### TASK INSTRUCTIONS
Omit every picture, then return the listing verbatim.

### DATA
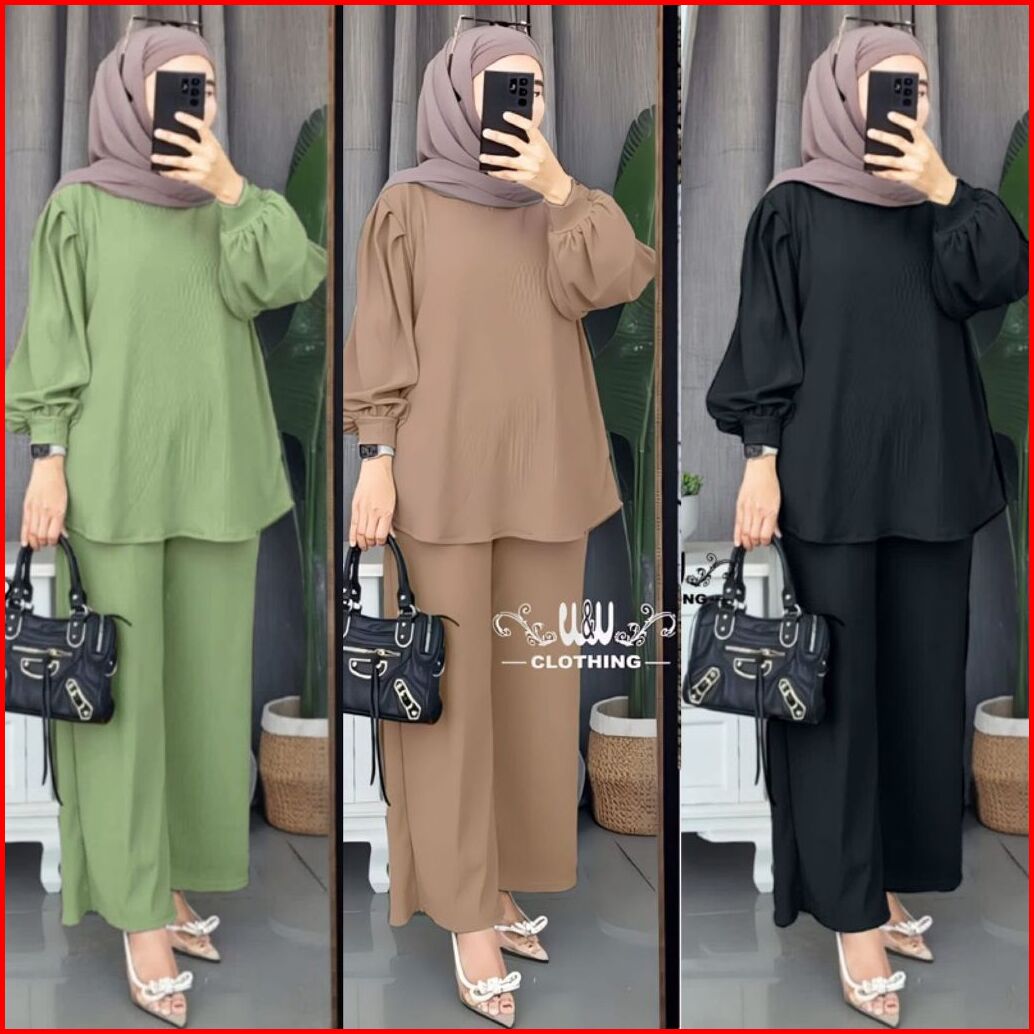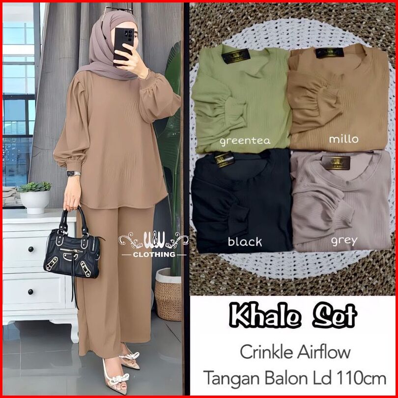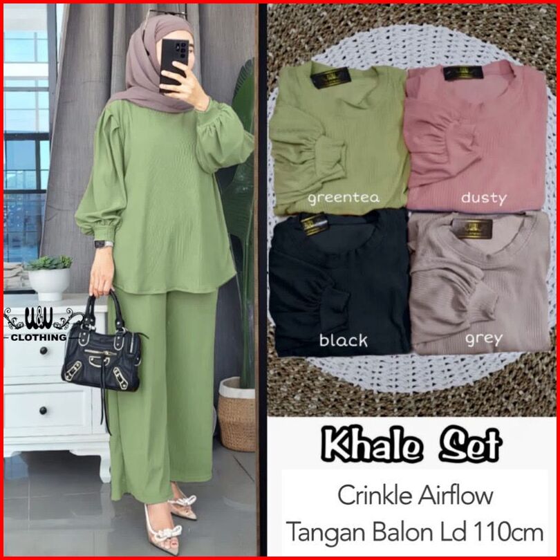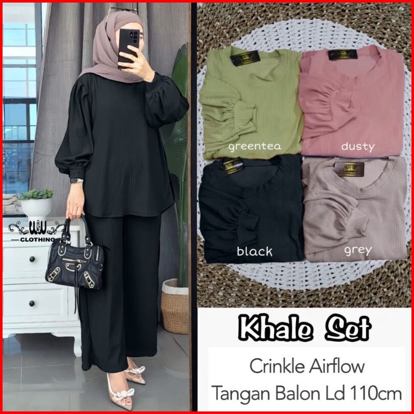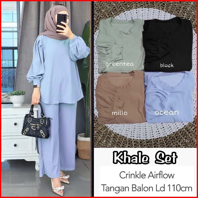 New Khale Set Tangan Balon Crinkle Airflow Ld 110 Setelan Khale One Set Khale Set Wanita Polos Setelan Polos Setcel Wani
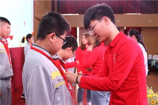 在精彩绝伦的宣讲后,南开大学青年宣讲团成员为空港学校八年级“中国故事小讲师团”队伍佩戴讲师团勋章,以此激励空港学校小讲师团秉承“自理自学,勇争第一”的学风,在回顾国家英雄们的光辉岁月感受着一份份赤子之心的同时,接续讲好中国故事,做好传承民族气节的实践者。
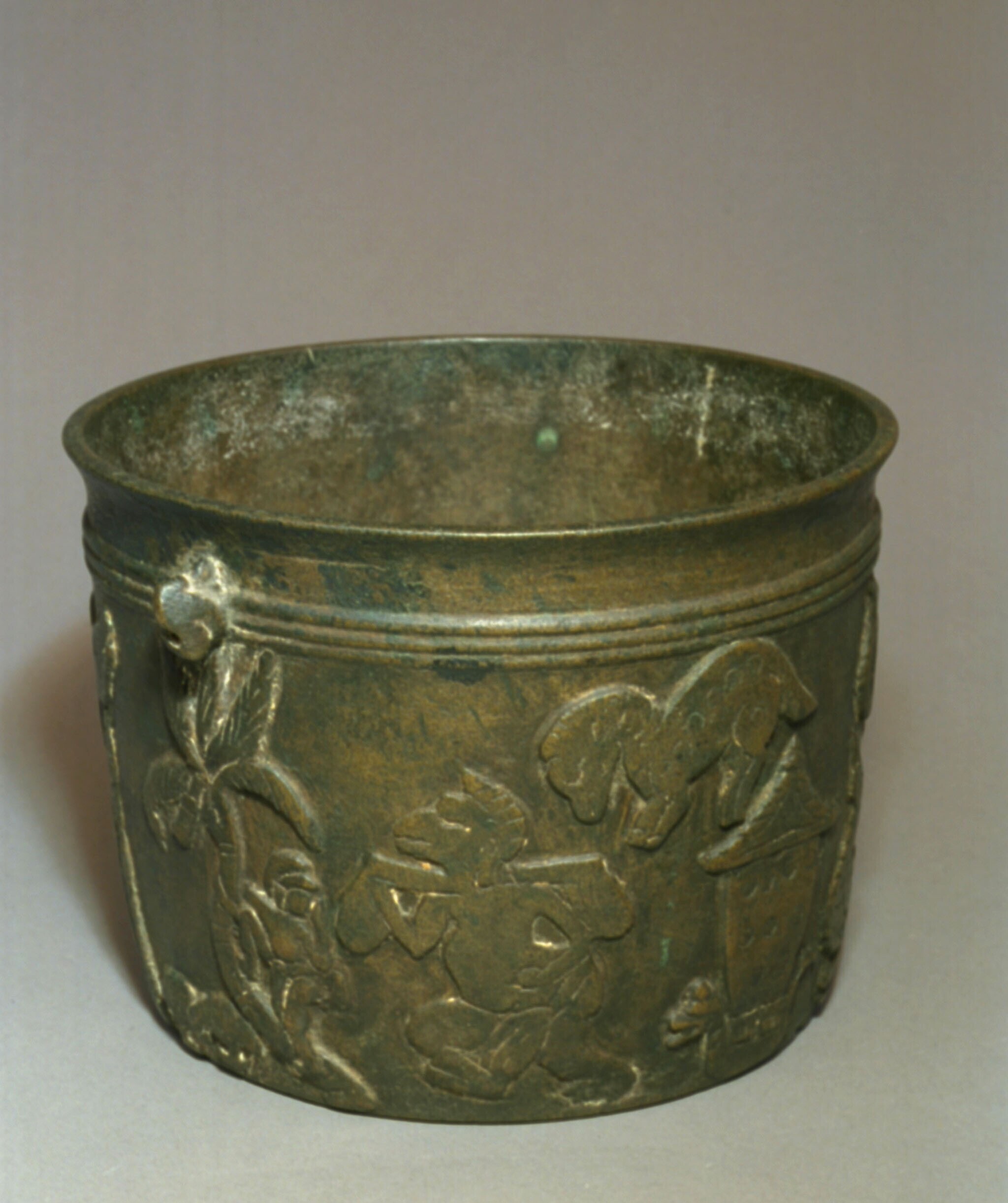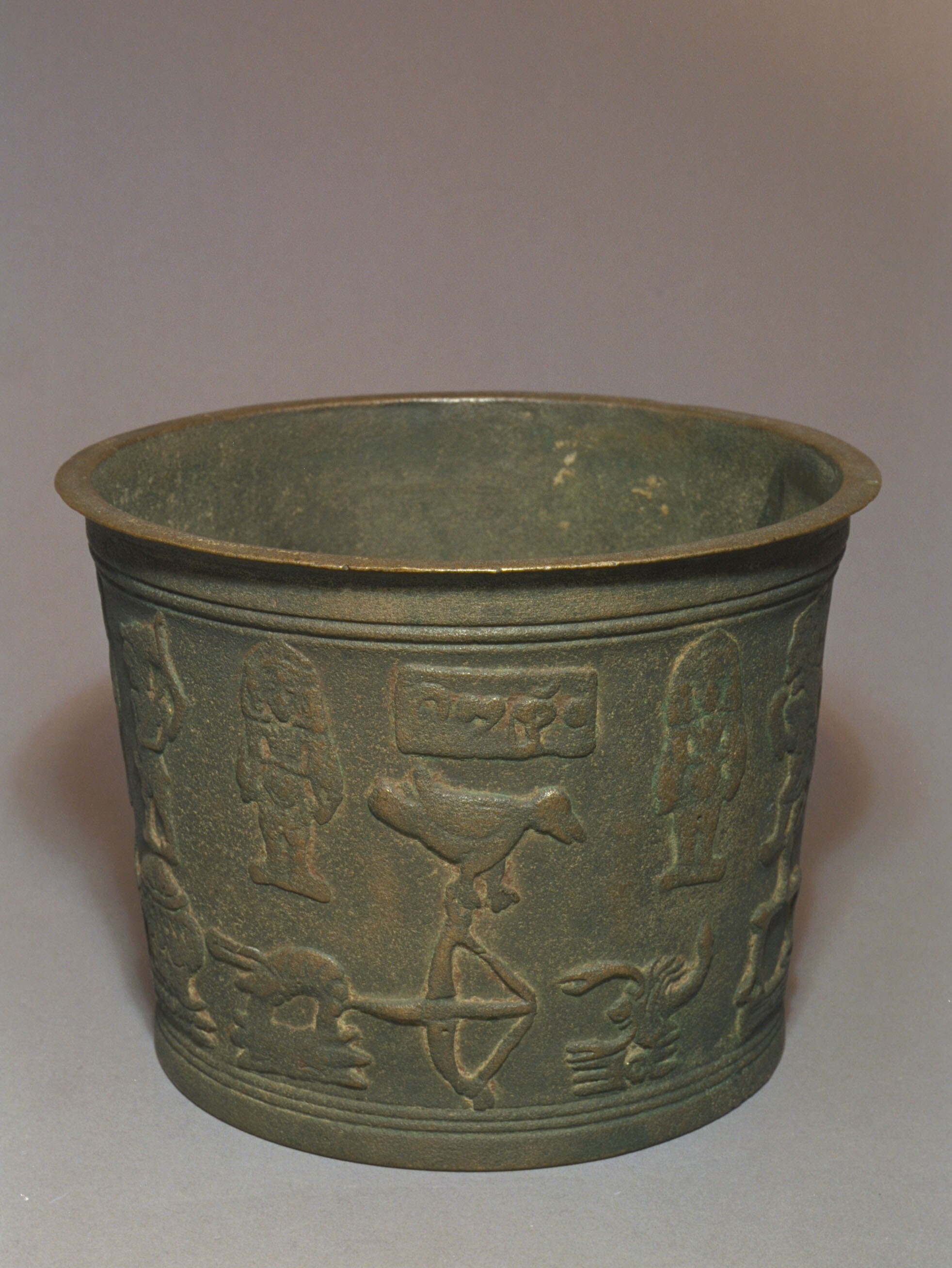 Indo-Javaanse bronzen zodiakbeker, voorstellende lan...

### SOLUTION TO THIS TASK
 New Khale Set Tangan Balon Crinkle Airflow Ld 110 Setelan Khale One Set Khale Set Wanita Polos Setelan Polos Setcel Wani
 在精彩绝伦的宣讲后,南开大学青年宣讲团成员为空港学校八年级“中国故事小讲师团”队伍佩戴讲师团勋章,以此激励空港学校小讲师团秉承“自理自学,勇争第一”的学风,在回顾国家英雄们的光辉岁月感受着一份份赤子之心的同时,接续讲好中国故事,做好传承民族气节的实践者。
 Indo-Javaanse bronzen zodiakbeker, voorstellende lan...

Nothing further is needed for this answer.